M. [D] sollicite la condamnation de M. [G] à lui verser la somme de 4 200 euros au titre du non paiement des loyers depuis août 2022.
Selon décompte produit aux débats, le bailleur sollicite en appel la somme de 4 200 euros au titre des loyers et des charges depuis août 2022. Il sera fait droit à la demande de condamnation de M. [G] à hauteur de la somme de 4 200 euros au titre de la dette locative et ce, avec intérêt au taux légal à compter de la présente décision.
— Sur la demande de dommages et intérêts
M. [D] sollicite la condamnation de M. [G] à lui verser la somme de 400 euros au titre de dommages et intérêts au visa de l’article 1231-6 du code civil.
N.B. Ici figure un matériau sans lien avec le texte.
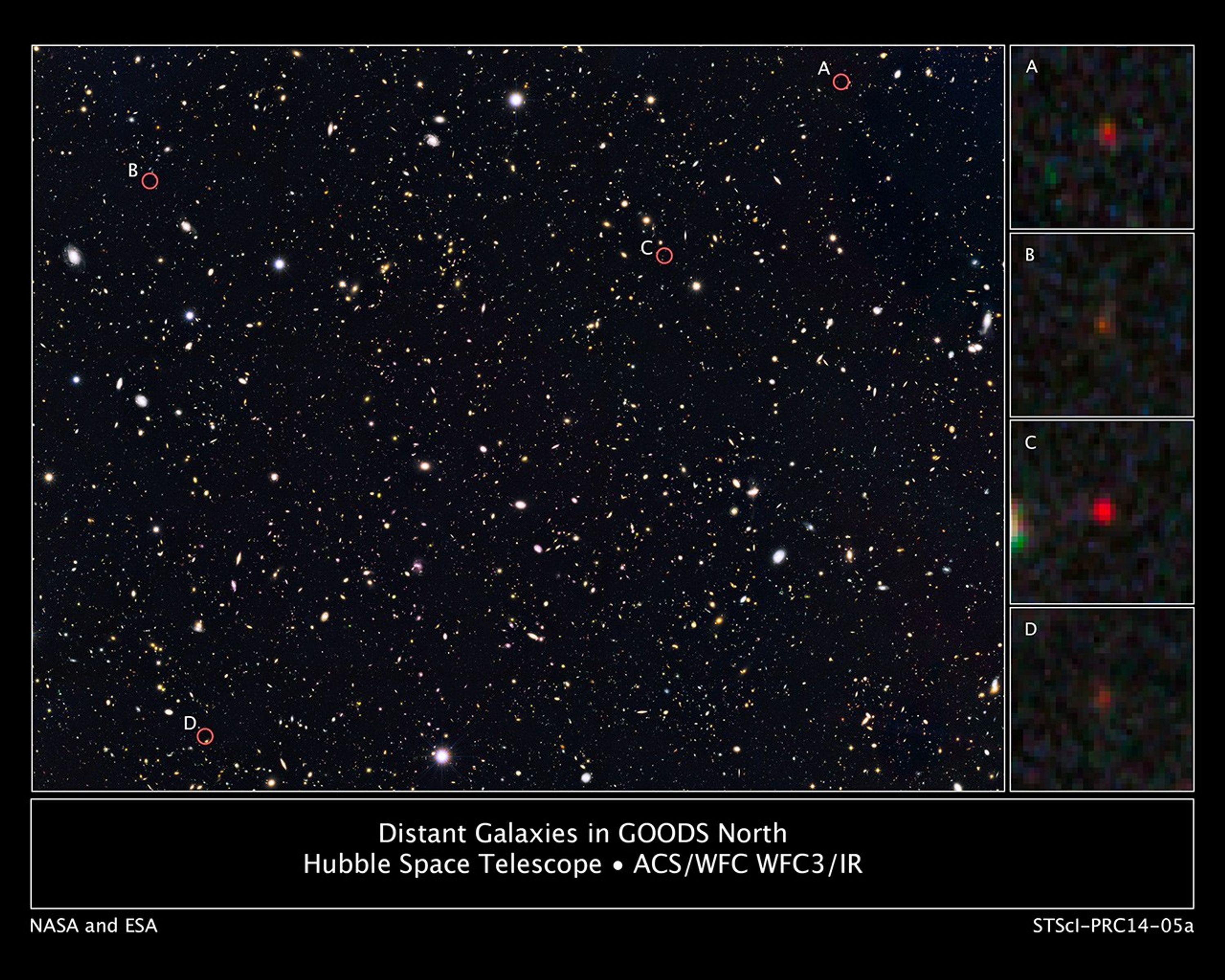 This is a portion of a deep-sky Hubble Space Telescope survey called GOODS North (Great Observatories Origins Deep Survey). The view is a composite of images taken in visible and near-infrared light. Researchers have circled four unusually red objects that appear as they existed...

Or il résulte de l’article 1231-6 alinéa 3 du code civil que l’octroi de dommages et intérêts distincts des intérêts moratoires est subordonné à la double preuve par le créancier d’un préjudice indépendant du retard et de la mauvaise foi du débiteur. Or la cour ne peut que constater que M. [D] n’évoque dans ses écritures aucune notion de préjudice distinct et ne caractérise pas la mauvaise foi de M. [G]. Il sera donc débouté de sa demande à ce titre.
— Sur les autres demandes
Succombant, M. [G] sera condamné aux entiers dépens en ce compris le coût du commandement de payer et le coût de la signification de l’assignation ainsi qu’à verser une somme de 2 500 au titre des dispositions de l’article 700 du code de procédure civile. Les dispositions du jugement entrepris relatives aux frais irrépétibles et aux dépens seront infirmées.
PAR CES MOTIFS
La cour, statuant publiquement, par arrêt rendu par défaut et par mise à disposition au greffe :
Infirme le jugement entrepris ;
Statuant à nouveau,
Prononce la résiliation du bail pour défaut de paiement du loyer consenti par M. [M] [D] à M. [S] [G] signé le 1er janvier 2015 ;
Ordonne l’expulsion de M. [S] [G] ainsi que de tout occupant de son chef du logement qu’il occupe [Adresse 2] ;
Dit que faute pour lui de le faire, M. [M] [D] pourra faire procéder à l’expulsion, tant de toutes personnes que de tous biens se trouvant sur les lieux de son chef, en la forme ordinaire, en faisant s’il y a lieu, procéder à l’ouverture des portes et au déménagement des biens, le tout aux frais de l’expulsé, éventuellement avec l’assistance de la force publique ;
Condamne M. [S] [G] à verser à M. [M] [D] la somme de 4 200 euros au titre du paiement des loyers, charges avec intérêt au taux légal à compter de la présente décision ;
Condamne M. [S] [G] à verser à M. [M] [D] la somme de 300 euros au titre du paiement des indemnités d’occupation égales au montant mensuel du loyer et provision sur charges à compter de la date de résiliation du bail ;
Déboute M. [M] [D] de sa demande de dommages et intérêts ;
Condamne M. [S] [G] à verser à M. [M] [D] la somme de 2 500 au titre des dispositions de l’article 700 du code de procédure civile ;
Condamne M. [S] [G] aux entiers dépens en ce compris le coût du commandement de payer et le coût de la signification de l’assignation.